А между тем договор я выполнил, роман перевел и сдал в издательство. Вот расписки у секретаря отдела только не взял. Но ведь никто из писателей никогда таких расписок не берет. Я представил все доказательства этого вплоть до заявления автора (того самого Шашкина, о котором я уже упомянул). Сдача рукописи происходила при нем. Я требовал выписки из книги учета договорных рукописей, приобщения писем, приобщения этого свидетельства автора. Ни одно мое ходатайство Милютиной не удовлетворено. Книга сейчас издается. В общем, история сверхбезобразная, но сейчас меня интересует совсем другое. Я думаю о том радостном возгласе милиционера: "Домбровский, ты знаешь Милютину? Ну, получишь десяток суток, поздравляю". Но ведь Милютина моего дела не знала, со мной не говорила, меня не судила. И все-таки предсказание милиционера сбылось с астрономической точностью. Значит, на Кочетову я, пожалуй, зря и сержусь. Я был осужден до разговора с ней – Милютиной. Просто, вероятно, она позвонила по телефону и сказала: "А дай-ка ему столько-то". И все это делается открыто, на виду, не таясь, что тут таить? Милиционер свой человек, а Домбровский и не человек даже, а подсудимый. Что с ним ни сделают, все будет хорошо. Решение выносится без свидетелей, без обжалования. Что и с кого здесь он потребует?

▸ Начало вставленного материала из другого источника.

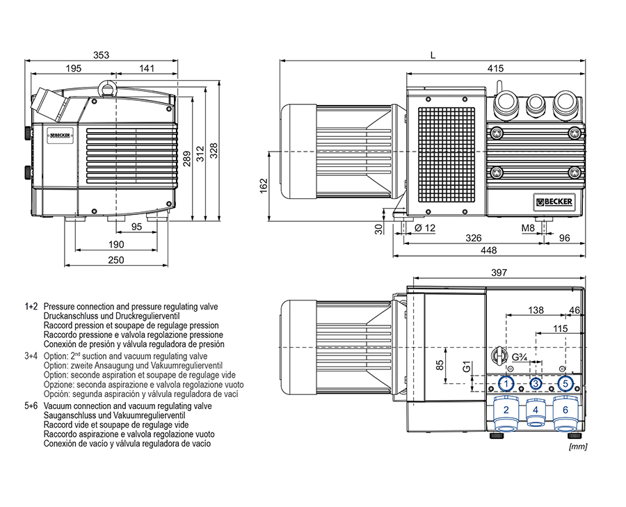 Технические характеристики насос-компрессор пластинчато-роторный сухой Becker DVT 3.80:

Товарищи писатели, дорогие коллеги мои, мне кажется, что нетерпимость всего этого переходит уже всякие рамки. Будет плохо, если мы и тут смолчим. Мы же писатели, и с нас спросят справедливее, суровеe и больше, чем с кого-либо. Мы должны быть готовы к этому ответу. Я понял это особенно четко, когда прочел письмо одного читателя, опубликованное в "Казахстанской правде". Вот что пишет некий электротехник Г.Володин автору фельетона "Мужчины с неразборчивыми фамилиями" В.Костиной. В этом фельетоне мужчины обвиняются в том, что в уличных стычках они не всегда проявляют достаточно храбрости. Боятся хулиганов. Не защищают женщин. Совершенно справедливо. Бегут мужчины от греха подальше. Но ведь, товарищи, прав и автор:

"Если бы вы были мужчиной, то и не иронизировали бы над мужским достоинством, ибо оно уже давно задушено там, где "пьяные мозгляки", терроризирующие окружающих, остаются пострадавшими, а благородные поступки честных мужчин, направленные даже на защиту "слабого пола", наказуются по всей строгости закона… Поставить вопрос о некоторых несправедливостях в законодательстве вы побоялись" (No 126 от 26 июня).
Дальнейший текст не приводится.